Items listed in a dataset:
┏━━
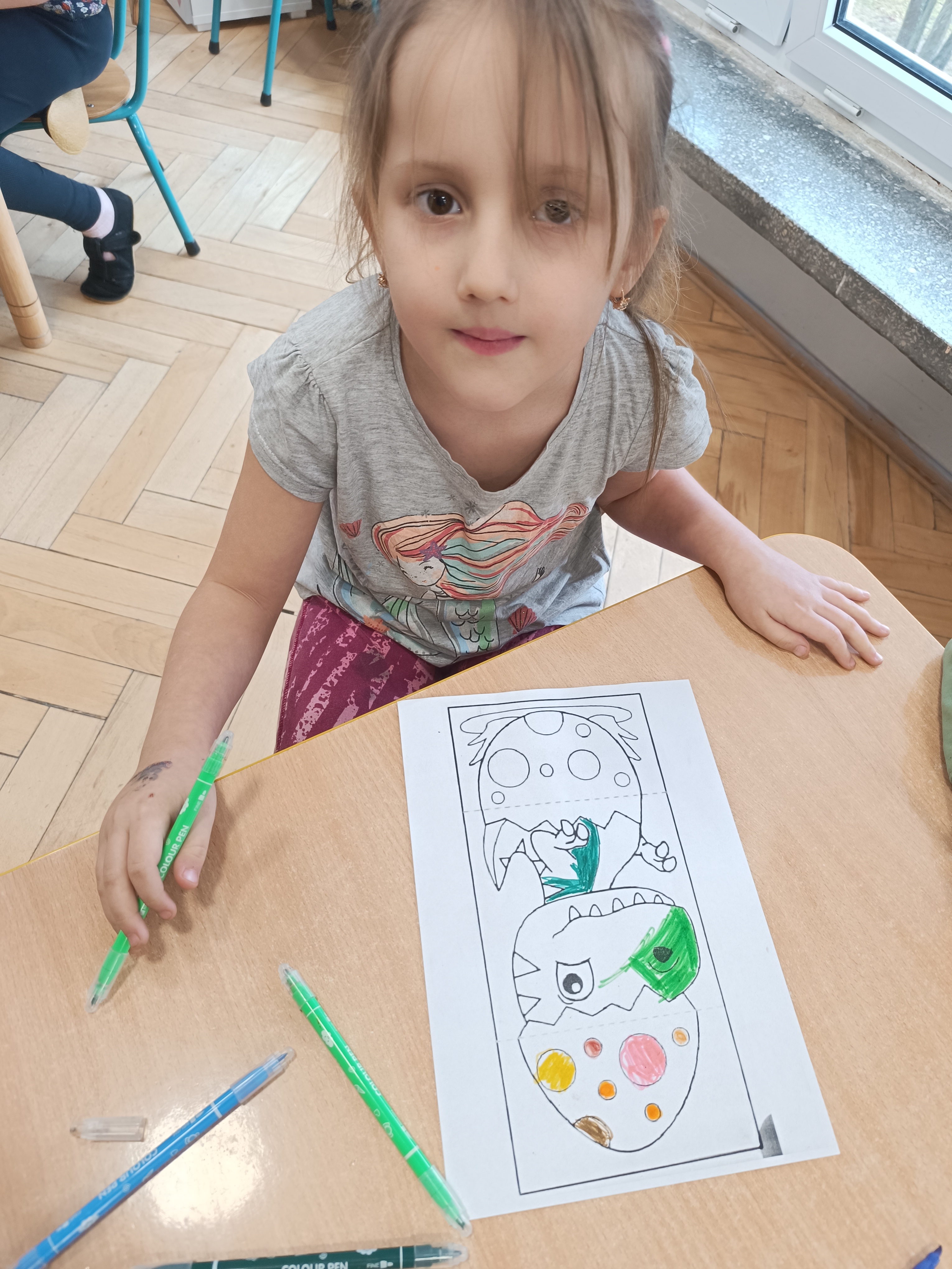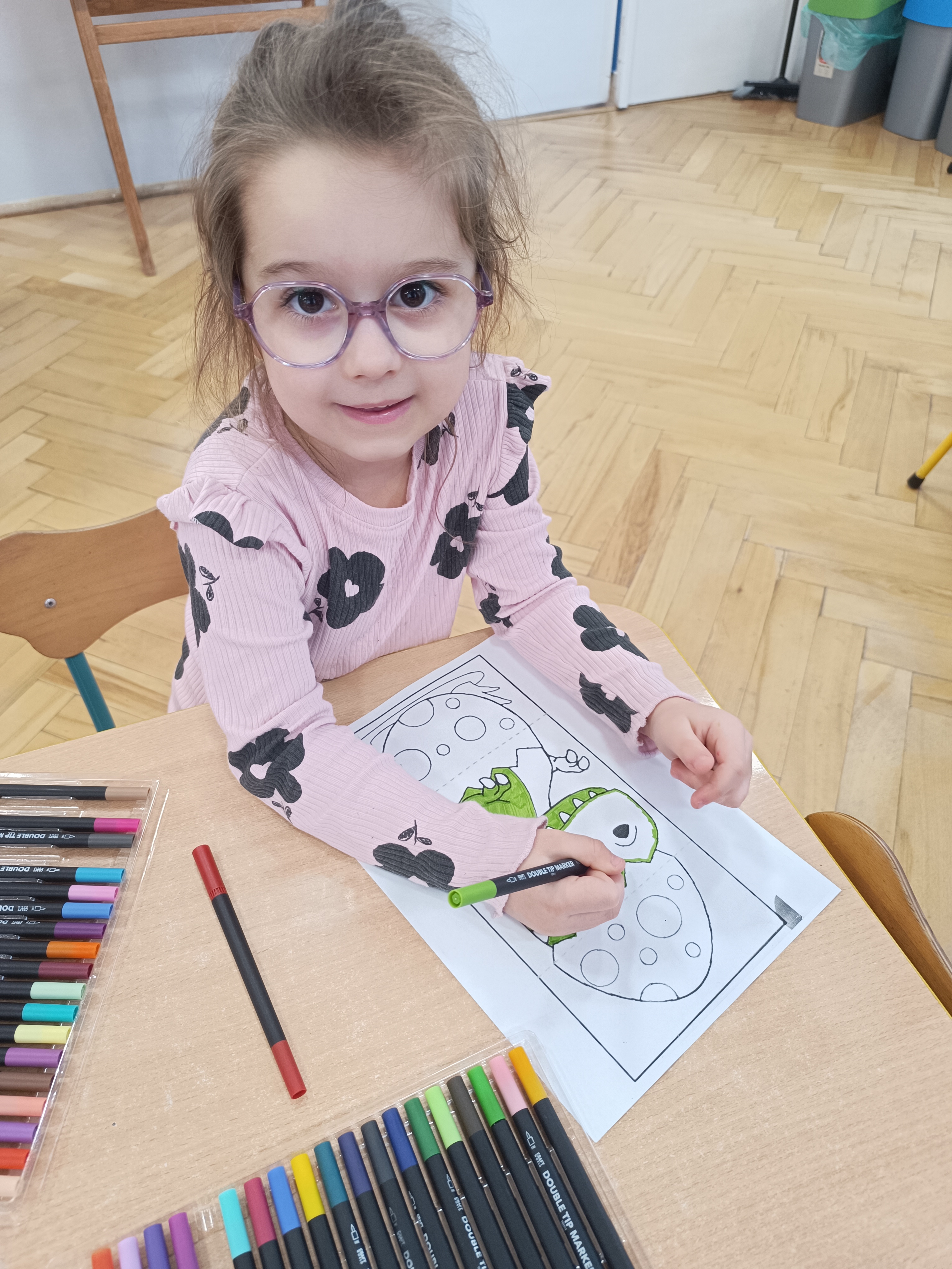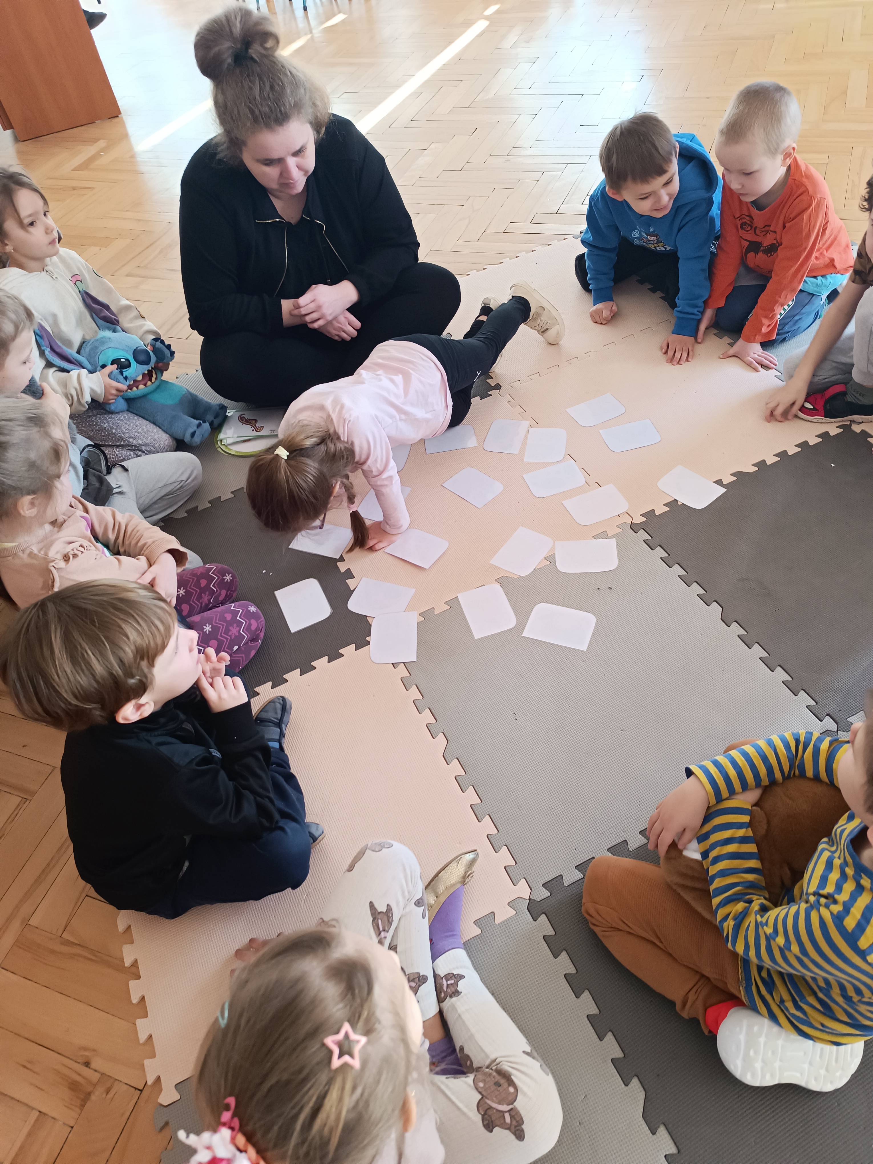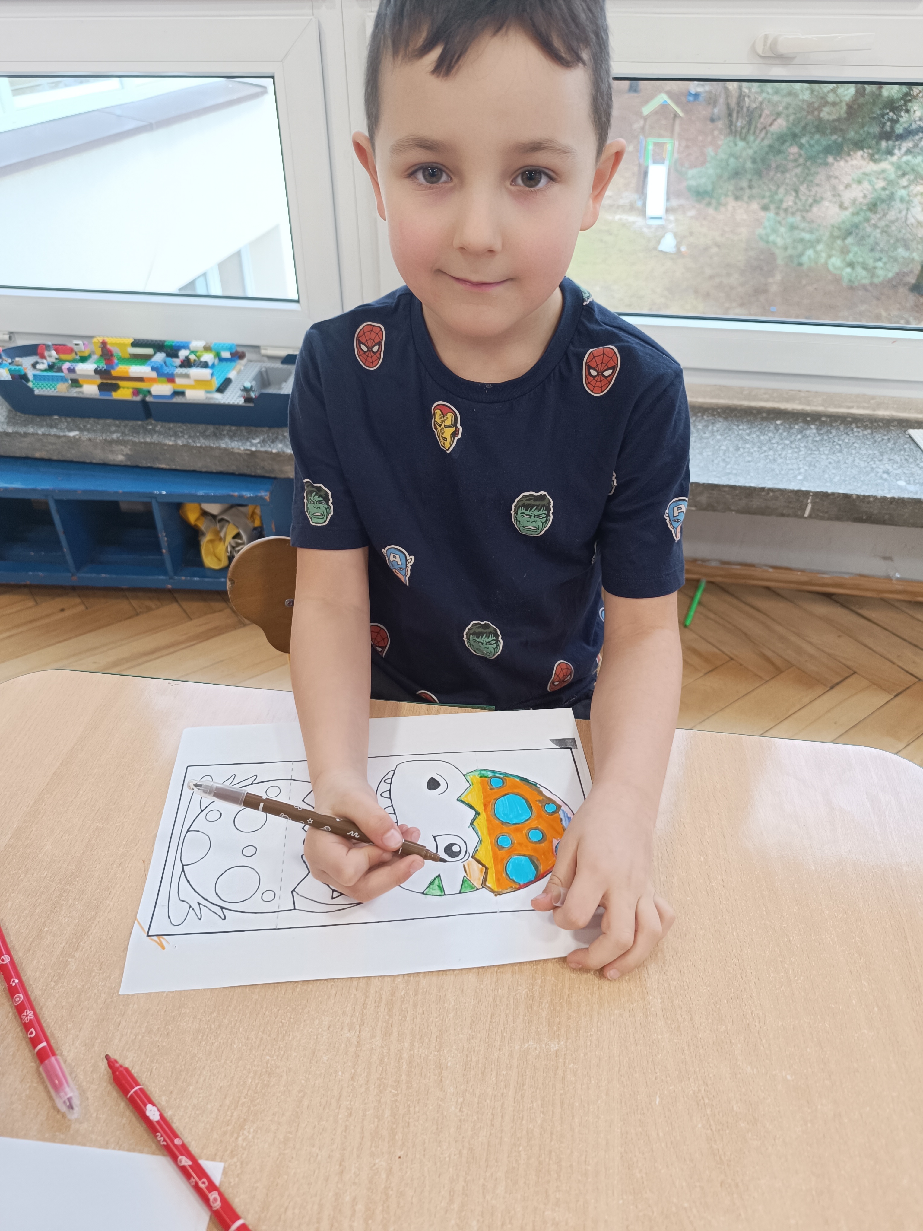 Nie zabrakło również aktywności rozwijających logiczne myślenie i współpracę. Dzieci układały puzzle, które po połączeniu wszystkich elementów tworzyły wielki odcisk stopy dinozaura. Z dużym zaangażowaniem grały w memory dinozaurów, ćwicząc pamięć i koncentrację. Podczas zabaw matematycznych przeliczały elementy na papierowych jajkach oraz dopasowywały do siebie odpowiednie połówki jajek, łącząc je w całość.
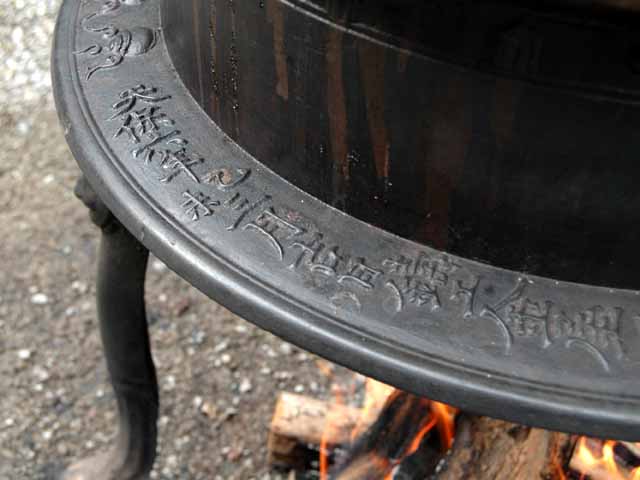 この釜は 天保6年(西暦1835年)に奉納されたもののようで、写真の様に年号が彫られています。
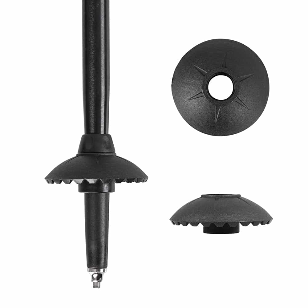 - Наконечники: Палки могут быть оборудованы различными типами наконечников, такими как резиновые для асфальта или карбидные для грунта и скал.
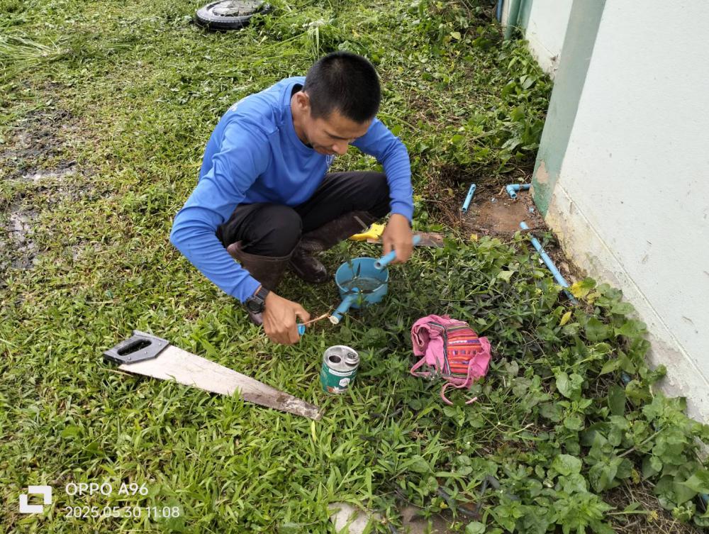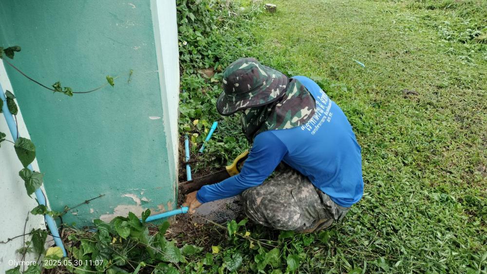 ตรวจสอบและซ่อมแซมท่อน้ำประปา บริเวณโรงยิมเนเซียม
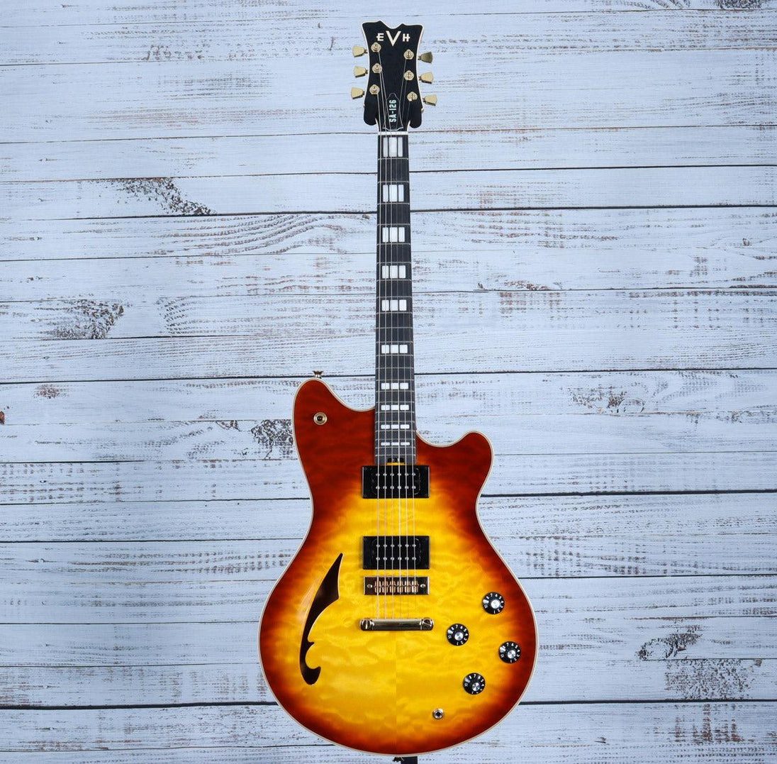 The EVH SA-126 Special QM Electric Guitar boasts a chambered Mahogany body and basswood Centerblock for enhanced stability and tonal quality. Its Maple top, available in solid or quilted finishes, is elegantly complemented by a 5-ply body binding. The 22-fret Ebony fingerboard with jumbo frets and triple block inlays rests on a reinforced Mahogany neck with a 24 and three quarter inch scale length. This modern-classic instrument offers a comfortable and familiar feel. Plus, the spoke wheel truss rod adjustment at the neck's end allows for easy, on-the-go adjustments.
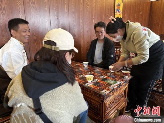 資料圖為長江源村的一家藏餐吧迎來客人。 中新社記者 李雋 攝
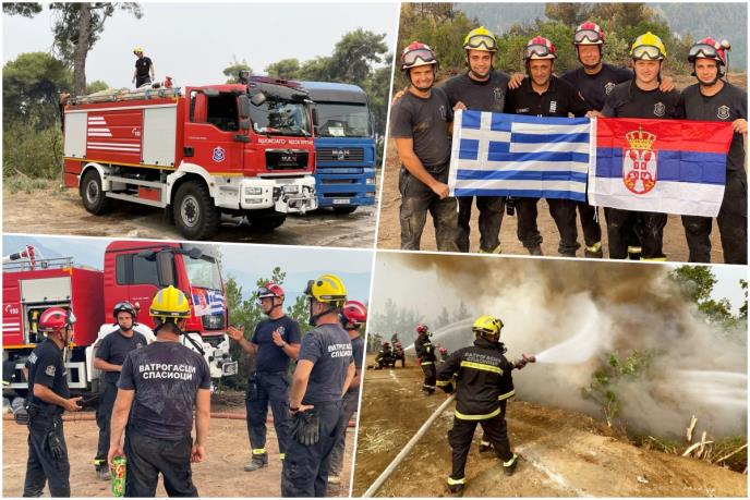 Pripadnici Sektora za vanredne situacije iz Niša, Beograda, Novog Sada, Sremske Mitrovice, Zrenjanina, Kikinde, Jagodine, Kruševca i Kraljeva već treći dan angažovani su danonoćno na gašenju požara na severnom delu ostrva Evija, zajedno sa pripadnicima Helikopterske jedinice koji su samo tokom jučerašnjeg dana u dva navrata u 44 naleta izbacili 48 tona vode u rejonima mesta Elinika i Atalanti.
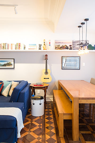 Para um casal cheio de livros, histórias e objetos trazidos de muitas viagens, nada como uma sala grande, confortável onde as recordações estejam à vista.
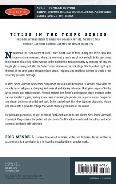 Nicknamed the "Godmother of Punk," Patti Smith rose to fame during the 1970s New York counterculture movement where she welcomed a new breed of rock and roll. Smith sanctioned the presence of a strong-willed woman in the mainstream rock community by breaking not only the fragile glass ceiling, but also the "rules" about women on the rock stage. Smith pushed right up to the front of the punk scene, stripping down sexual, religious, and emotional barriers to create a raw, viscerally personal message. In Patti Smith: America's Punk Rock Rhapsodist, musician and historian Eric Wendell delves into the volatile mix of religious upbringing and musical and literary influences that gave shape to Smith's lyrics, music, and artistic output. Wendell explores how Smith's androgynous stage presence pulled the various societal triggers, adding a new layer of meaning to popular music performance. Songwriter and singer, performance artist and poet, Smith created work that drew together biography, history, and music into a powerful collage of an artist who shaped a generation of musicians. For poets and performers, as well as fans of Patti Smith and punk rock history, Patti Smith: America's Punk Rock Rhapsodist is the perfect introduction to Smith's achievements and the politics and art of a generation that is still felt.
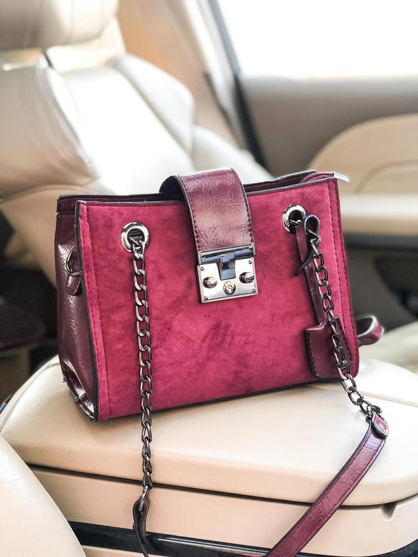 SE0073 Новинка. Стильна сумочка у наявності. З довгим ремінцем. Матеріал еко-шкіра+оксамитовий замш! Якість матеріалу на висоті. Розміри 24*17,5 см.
┗━━
Activity: Verbatim repetition of the entries is required, excluding any pictures.

Task solution:
 Nie zabrakło również aktywności rozwijających logiczne myślenie i współpracę. Dzieci układały puzzle, które po połączeniu wszystkich elementów tworzyły wielki odcisk stopy dinozaura. Z dużym zaangażowaniem grały w memory dinozaurów, ćwicząc pamięć i koncentrację. Podczas zabaw matematycznych przeliczały elementy na papierowych jajkach oraz dopasowywały do siebie odpowiednie połówki jajek, łącząc je w całość.
 この釜は 天保6年(西暦1835年)に奉納されたもののようで、写真の様に年号が彫られています。
 - Наконечники: Палки могут быть оборудованы различными типами наконечников, такими как резиновые для асфальта или карбидные для грунта и скал.
 ตรวจสอบและซ่อมแซมท่อน้ำประปา บริเวณโรงยิมเนเซียม
 The EVH SA-126 Special QM Electric Guitar boasts a chambered Mahogany body and basswood Centerblock for enhanced stability and tonal quality. Its Maple top, available in solid or quilted finishes, is elegantly complemented by a 5-ply body binding. The 22-fret Ebony fingerboard with jumbo frets and triple block inlays rests on a reinforced Mahogany neck with a 24 and three quarter inch scale length. This modern-classic instrument offers a comfortable and familiar feel. Plus, the spoke wheel truss rod adjustment at the neck's end allows for easy, on-the-go adjustments.
 資料圖為長江源村的一家藏餐吧迎來客人。 中新社記者 李雋 攝
 Pripadnici Sektora za vanredne situacije iz Niša, Beograda, Novog Sada, Sremske Mitrovice, Zrenjanina, Kikinde, Jagodine, Kruševca i Kraljeva već treći dan angažovani su danonoćno na gašenju požara na severnom delu ostrva Evija, zajedno sa pripadnicima Helikopterske jedinice koji su samo tokom jučerašnjeg dana u dva navrata u 44 naleta izbacili 48 tona vode u rejonima mesta Elinika i Atalanti.
 Para um casal cheio de livros, histórias e objetos trazidos de muitas viagens, nada como uma sala grande, confortável onde as recordações estejam à vista.
 Nicknamed the "Godmother of Punk," Patti Smith rose to fame during the 1970s New York counterculture movement where she welcomed a new breed of rock and roll. Smith sanctioned the presence of a strong-willed woman in the mainstream rock community by breaking not only the fragile glass ceiling, but also the "rules" about women on the rock stage. Smith pushed right up to the front of the punk scene, stripping down sexual, religious, and emotional barriers to create a raw, viscerally personal message. In Patti Smith: America's Punk Rock Rhapsodist, musician and historian Eric Wendell delves into the volatile mix of religious upbringing and musical and literary influences that gave shape to Smith's lyrics, music, and artistic output. Wendell explores how Smith's androgynous stage presence pulled the various societal triggers, adding a new layer of meaning to popular music performance. Songwriter and singer, performance artist and poet, Smith created work that drew together biography, history, and music into a powerful collage of an artist who shaped a generation of musicians. For poets and performers, as well as fans of Patti Smith and punk rock history, Patti Smith: America's Punk Rock Rhapsodist is the perfect introduction to Smith's achievements and the politics and art of a generation that is still felt.
 SE0073 Новинка. Стильна сумочка у наявності. З довгим ремінцем. Матеріал еко-шкіра+оксамитовий замш! Якість матеріалу на висоті. Розміри 24*17,5 см.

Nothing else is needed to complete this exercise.